### [DESCRIPTION OF THE TASK]
From the entries below, copy each line in which the word "pour" occurs.

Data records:

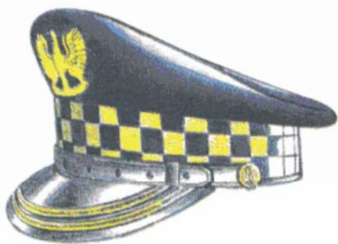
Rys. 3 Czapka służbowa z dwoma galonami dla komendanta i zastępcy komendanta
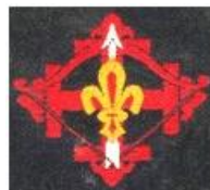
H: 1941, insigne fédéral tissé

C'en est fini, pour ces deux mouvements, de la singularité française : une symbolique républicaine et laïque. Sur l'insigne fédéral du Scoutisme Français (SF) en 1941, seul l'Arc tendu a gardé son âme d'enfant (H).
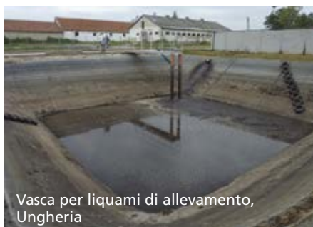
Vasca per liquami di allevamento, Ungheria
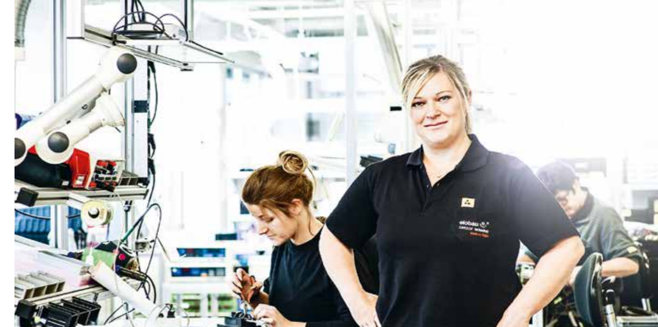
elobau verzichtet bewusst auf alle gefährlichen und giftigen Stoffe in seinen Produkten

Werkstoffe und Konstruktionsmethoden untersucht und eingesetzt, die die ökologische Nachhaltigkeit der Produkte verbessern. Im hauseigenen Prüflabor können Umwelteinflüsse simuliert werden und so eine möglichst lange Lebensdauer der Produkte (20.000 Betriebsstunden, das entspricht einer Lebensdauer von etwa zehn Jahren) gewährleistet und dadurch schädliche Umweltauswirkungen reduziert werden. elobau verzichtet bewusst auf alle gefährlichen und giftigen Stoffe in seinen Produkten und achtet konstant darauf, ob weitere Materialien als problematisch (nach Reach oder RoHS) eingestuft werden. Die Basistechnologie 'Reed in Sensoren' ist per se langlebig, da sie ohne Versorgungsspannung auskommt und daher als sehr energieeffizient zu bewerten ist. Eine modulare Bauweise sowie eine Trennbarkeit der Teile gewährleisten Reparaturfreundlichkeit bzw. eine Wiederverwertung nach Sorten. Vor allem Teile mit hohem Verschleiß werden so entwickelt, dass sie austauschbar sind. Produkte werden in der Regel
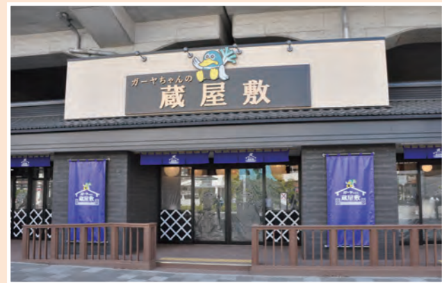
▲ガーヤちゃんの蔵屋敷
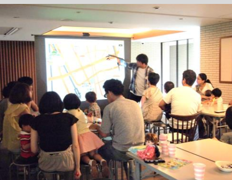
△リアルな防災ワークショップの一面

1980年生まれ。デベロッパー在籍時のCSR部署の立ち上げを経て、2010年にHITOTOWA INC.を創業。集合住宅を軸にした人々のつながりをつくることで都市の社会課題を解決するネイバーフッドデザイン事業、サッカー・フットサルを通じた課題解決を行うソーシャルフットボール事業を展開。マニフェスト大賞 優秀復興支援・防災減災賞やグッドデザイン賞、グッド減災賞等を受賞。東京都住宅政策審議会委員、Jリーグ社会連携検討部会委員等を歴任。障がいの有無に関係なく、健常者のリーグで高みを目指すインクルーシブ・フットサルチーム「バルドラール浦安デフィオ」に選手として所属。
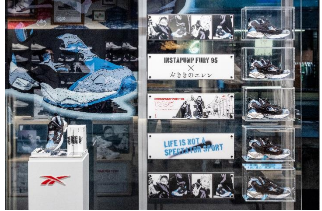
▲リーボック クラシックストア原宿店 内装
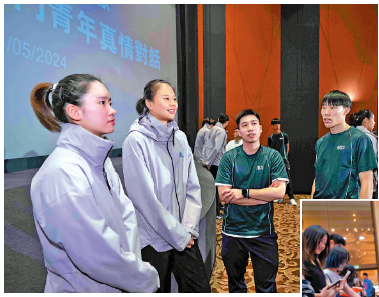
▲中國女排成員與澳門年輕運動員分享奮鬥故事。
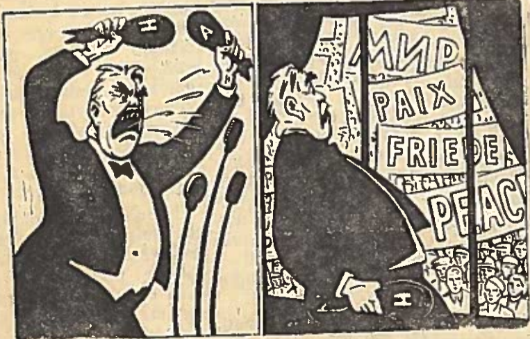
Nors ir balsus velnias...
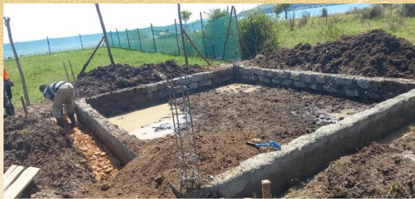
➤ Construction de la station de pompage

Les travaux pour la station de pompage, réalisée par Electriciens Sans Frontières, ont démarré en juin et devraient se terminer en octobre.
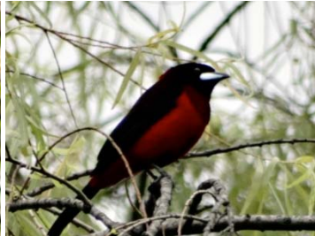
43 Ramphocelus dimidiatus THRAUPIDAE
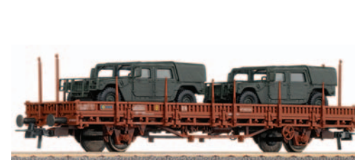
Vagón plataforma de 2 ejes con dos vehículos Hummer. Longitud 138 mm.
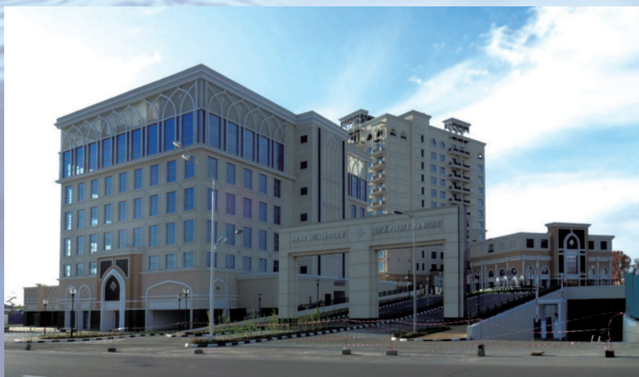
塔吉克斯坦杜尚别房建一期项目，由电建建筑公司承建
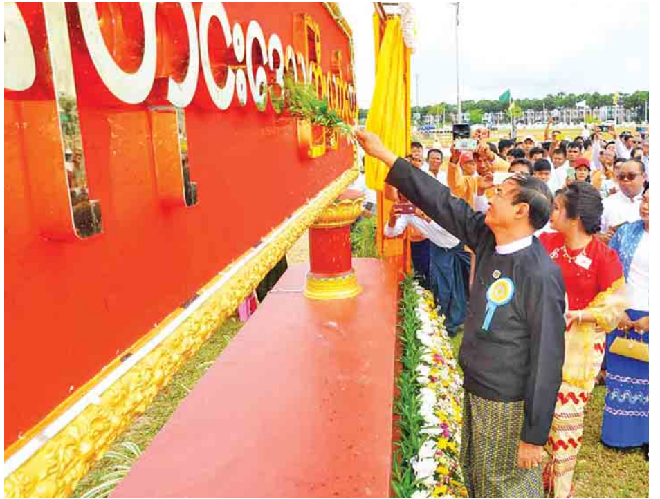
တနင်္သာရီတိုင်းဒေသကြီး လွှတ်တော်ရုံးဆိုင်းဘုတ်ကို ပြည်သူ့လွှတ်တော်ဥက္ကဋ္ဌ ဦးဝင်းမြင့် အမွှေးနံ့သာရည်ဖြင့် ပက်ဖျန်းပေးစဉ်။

### [REPLY TO THE TASK]
C'en est fini, pour ces deux mouvements, de la singularité française : une symbolique républicaine et laïque. Sur l'insigne fédéral du Scoutisme Français (SF) en 1941, seul l'Arc tendu a gardé son âme d'enfant (H).
Les travaux pour la station de pompage, réalisée par Electriciens Sans Frontières, ont démarré en juin et devraient se terminer en octobre.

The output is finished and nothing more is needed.